Moderator’s Report to Presbytery
Rev. Jin S. Kim, the pastor of Church of All Nations Presbyterian in Columbia Heights and also the Moderator of the PTCA for 2009-10 shared his report to the Presbytery at the September 12 Presbytery meeting at First Presbyterian in Shakopee. The report follows:
- Evaluations from the July 2009 presbytery meeting were very positive. Our elder commissioners gave a 4.3 out of 5.0 overall and our ministers gave a 4.7 out of 5.0. We are making progress, and will continue to find ways to make the presbytery meetings a more rewarding and redemptive experience for all.

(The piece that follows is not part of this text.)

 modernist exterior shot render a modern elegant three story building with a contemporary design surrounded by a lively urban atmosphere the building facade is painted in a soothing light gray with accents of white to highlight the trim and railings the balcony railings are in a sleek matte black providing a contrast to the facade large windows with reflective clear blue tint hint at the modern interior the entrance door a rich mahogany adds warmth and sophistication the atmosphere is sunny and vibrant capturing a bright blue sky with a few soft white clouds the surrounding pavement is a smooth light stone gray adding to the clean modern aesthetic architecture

- We should consider an omnibus consent agenda that includes the motions of every committee and task force. This will allow us to make space for serious decision making and the work of genuine discernment about our life together.
- The Office of Theology and Worship of the GAMC has launched an “Ecclesiology Project” to think through what it means to be church in the fast changing ecclesial landscape of this new century, a project I am participating in. Part of what I envision is for our presbytery as a whole to take stock of the Reformed tradition after 500 years and to discern together the outlines of what Time Magazine has recently called a “New Calvinism,” as one of the most important emerging ideas of the 21st century, and its implications on our congregational and specialized ministries.

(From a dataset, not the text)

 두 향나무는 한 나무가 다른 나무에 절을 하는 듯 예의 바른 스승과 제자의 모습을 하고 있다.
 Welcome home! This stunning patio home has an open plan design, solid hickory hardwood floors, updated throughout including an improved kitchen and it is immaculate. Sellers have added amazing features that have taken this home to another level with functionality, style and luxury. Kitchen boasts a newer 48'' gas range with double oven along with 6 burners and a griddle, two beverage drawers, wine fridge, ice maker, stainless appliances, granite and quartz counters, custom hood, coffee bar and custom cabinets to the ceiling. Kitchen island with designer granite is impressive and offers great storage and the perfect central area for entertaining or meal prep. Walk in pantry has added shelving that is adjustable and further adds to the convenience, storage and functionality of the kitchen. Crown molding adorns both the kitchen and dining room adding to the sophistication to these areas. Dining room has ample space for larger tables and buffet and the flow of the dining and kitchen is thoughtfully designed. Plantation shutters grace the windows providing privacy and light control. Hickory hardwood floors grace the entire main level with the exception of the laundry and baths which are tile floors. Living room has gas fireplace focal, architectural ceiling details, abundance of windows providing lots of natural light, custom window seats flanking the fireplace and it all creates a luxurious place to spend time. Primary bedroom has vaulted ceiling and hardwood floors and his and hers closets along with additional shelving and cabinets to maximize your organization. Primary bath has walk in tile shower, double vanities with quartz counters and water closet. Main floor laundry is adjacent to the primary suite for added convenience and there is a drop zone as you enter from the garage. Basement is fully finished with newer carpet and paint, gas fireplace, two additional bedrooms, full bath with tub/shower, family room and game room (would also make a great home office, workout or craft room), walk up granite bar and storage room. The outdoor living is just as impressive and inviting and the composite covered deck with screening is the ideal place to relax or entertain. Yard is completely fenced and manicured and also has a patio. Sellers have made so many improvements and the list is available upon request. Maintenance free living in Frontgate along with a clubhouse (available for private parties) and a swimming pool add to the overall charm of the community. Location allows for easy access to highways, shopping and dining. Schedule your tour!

- The ecumenical movement needs more serious attention. I currently serve as one of our denomination’s delegates to the National Council of Churches, which incidentally, will hold its annual General Assembly right here in Minneapolis Nov. 10-12 (I appreciate Richard Buller and Valley Community Church for hosting the NCC dinner for our Presbyterian delegation, which unfortunately conflicts with our next presbytery meeting). At the NCC, we recently celebrated 100 years as a movement in America, and there have been tremendous advances. On the other hand, our ecclesial divisions are just as painfully apparent now as they were a century ago, but the PCUSA remains committed to healing those divisions as our Book of Order states. Yesterday, I was at the Greater Minnesota Association of Evangelicals annual board retreat, and our board is revisiting the idea of bridging the denominational divisions within the evangelical world. If the work of reconciling Presbyterian and Baptist remains, if the Lord’s Supper is still not shared between Catholics, Mainliners and Pentecostals, can we allow the disagreements between conservatives and liberals in our little denomination to truly divide us?
- I serve on the GA Special Committee on the Belhar Confession, and we will have our second meeting Sept. 20-22 in Louisville. I commend “A Study of the Belhar Confession,” a wonderful and incisive workbook produced by our denomination’s Office of Theology and Worship, for study among our congregations and ministers. Belhar was published in 1986 at the height of apartheid in South Africa, and has powerful implications for our radicalized country and church here in America. If adopted, it will be the first non-Western confession in our Book of Confessions.